2017 C.A.R.E. Study
New research uncovers a number of surprising insights into the emotional and financial implications of delivering care to an elderly relative or friend. First released in 2015, the C.A.R.E (Costs, Accountabilities, Realities, Expectations) Study draws from the perspectives of experienced (past and current) as well as future caregivers to explore the expectations and realities of caregiving.
The 2017 C.A.R.E. Study reveals that, despite recognizing the financial and lifestyle complexities of providing care to an elderly relative or friend, many Americans are not taking proactive steps to mitigate the impact on their budgets, careers and/or personal lives. According to the study, 4 in 10 Americans are current or past caregivers, while 1 in 5 non-caregivers expect to step into this role in the future.

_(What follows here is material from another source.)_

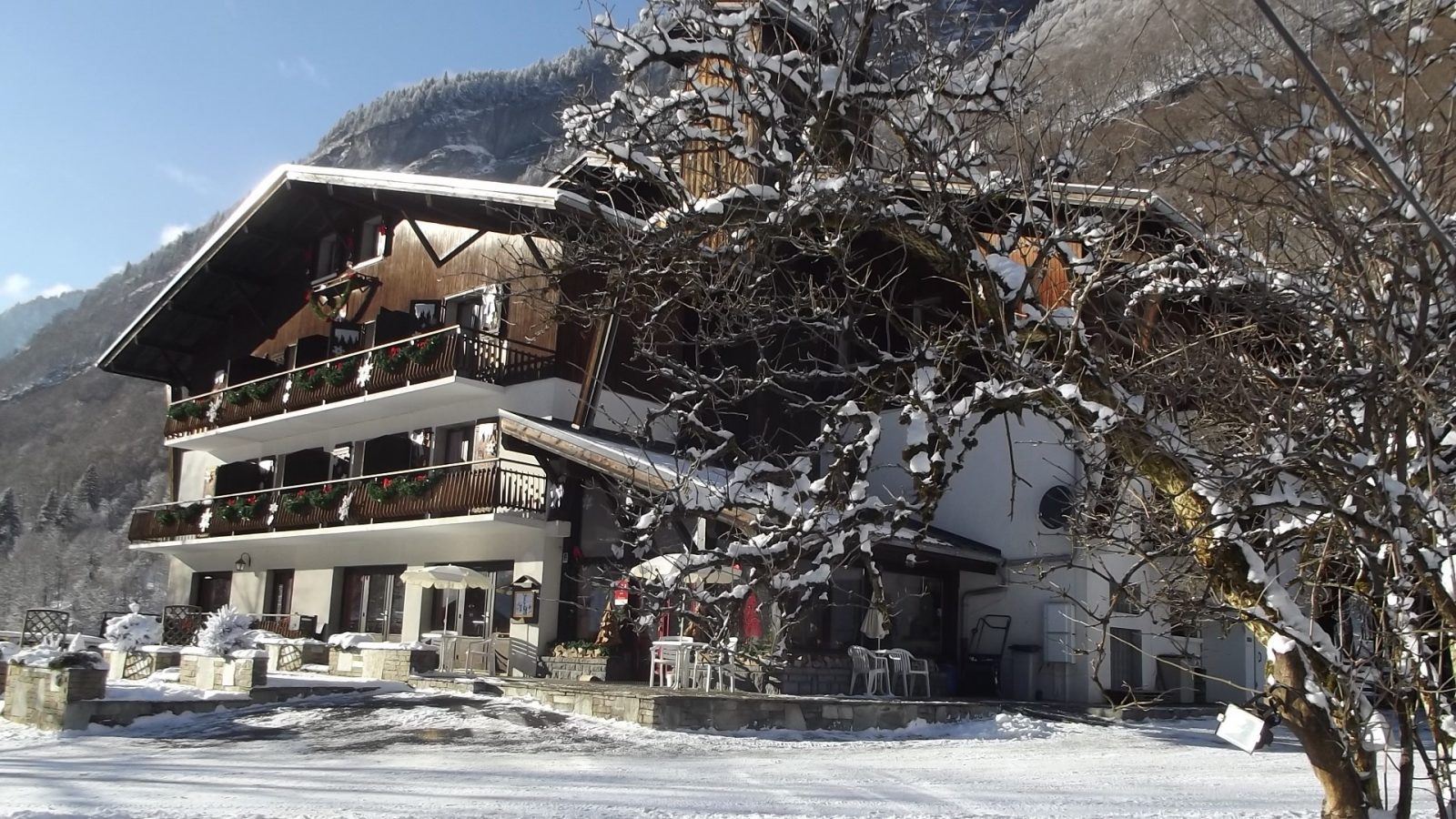 Hotel** & Mountain Centre "Le Choucas" ligt op een uitzonderlijke locatie aan de ingang van het Fer à Cheval keteldal, in de prachtige vallei van de Haut Giffre in de Haute-Savoie.

It’s not about the money. Or is it?
Although both experienced and future caregivers tend to underestimate the significance of financial support, with three quarters citing non-financial support (emotional and personal care) as what defines caregiving, current findings suggest a disconnect between perception and the reality of the situation:
- Though only one quarter of experienced caregivers said financial support is a key attribute of caregiving, nearly two thirds (64%) actually ended up providing it. In fact, expenses comprised roughly one third of current caregivers’ monthly budget
- 7 in 10 future caregivers expect to incur costs, yet 60% say they are least equipped to handle the financial aspects of caregiving
- When asked what part of life caregiving impacts the most, half (51%) of future caregivers flagged finances second to only personal time
Among those caregivers who incurred added expenses, half (51%) said they reduced discretionary living expenses, while more than a quarter (28%) increased work hours to assist with the added financial demands.
Notably, future caregivers who expect to accrue financial costs anticipate even more pervasive lifestyle changes. A full three quarters (76%) believe they will need to reduce living expenses while half (49%) foresee working more. Despite recognizing the potential burden, 1 in 3 have taken no steps to plan.

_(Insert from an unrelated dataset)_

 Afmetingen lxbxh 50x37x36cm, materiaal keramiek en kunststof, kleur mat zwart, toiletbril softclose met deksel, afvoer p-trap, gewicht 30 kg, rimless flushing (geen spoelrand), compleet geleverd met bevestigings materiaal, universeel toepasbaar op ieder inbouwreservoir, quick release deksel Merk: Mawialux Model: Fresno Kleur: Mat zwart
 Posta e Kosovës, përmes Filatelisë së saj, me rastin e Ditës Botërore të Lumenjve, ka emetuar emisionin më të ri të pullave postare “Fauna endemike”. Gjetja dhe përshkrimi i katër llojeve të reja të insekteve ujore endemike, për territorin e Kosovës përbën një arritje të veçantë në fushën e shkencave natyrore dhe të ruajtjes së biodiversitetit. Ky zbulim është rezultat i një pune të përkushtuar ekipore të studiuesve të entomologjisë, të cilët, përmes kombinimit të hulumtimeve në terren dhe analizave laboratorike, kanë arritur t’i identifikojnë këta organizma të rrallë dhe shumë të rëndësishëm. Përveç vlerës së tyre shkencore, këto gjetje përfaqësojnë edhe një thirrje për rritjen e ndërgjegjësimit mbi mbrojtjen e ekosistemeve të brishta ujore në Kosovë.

Financial and lifestyle costs offset by emotional rewards
The consequences of caregiving extend beyond financial pressure. The C.A.R.E. Study also found that:
- 86% of experienced caregivers saw impact on their lifestyle and even more future caregivers expect the same (97%)
- 1 in 10 experienced caregivers mentioned having had to resign their jobs or change careers
- More than half (54%) of experienced caregivers said caregiving impacted their personal time and 39% noted an impact on their emotional well-being
- 44% felt tired and 37% felt sadness all the time or often
Despite the emotional and professional toll, caregivers find their experience gratifying. Nearly 7 in 10 say they are proud of doing the right thing and 60% feel a sense of accomplishment all the time or often.
Silence is not golden
When considering their own longevity, Americans were most likely to fear poor health (27%) and being a burden to their families (26%). Moreover, while most expect their spouse/partner (48%) or children (28%) to be their caregivers, two thirds haven’t addressed their preferences with these family members – or anyone else. In fact, a staggering 7 in 10 (69%) have not proactively planned for their own long term care needs in any way.
About the Research
The 2017 Northwestern Mutual C.A.R.E. Study explores the multiple facets of caregiving and longevity risk. This study was conducted by Harris Poll on behalf of Northwestern Mutual and included 1,003 American adults aged 18 or older from the general population, and achieved an oversample of 292 American adults age 35-50 (for a total of 502) and an oversample of 649 experienced caregivers (for a total of 1014) who participated in an online survey between November 11 and November 28, 2016. Results were weighted to Census targets for education, age/gender, race/ethnicity, region and household income. Propensity score weighting was also used to adjust for respondents’ propensity to be online. No estimates of theoretical sampling error can be calculated; a full methodology is available.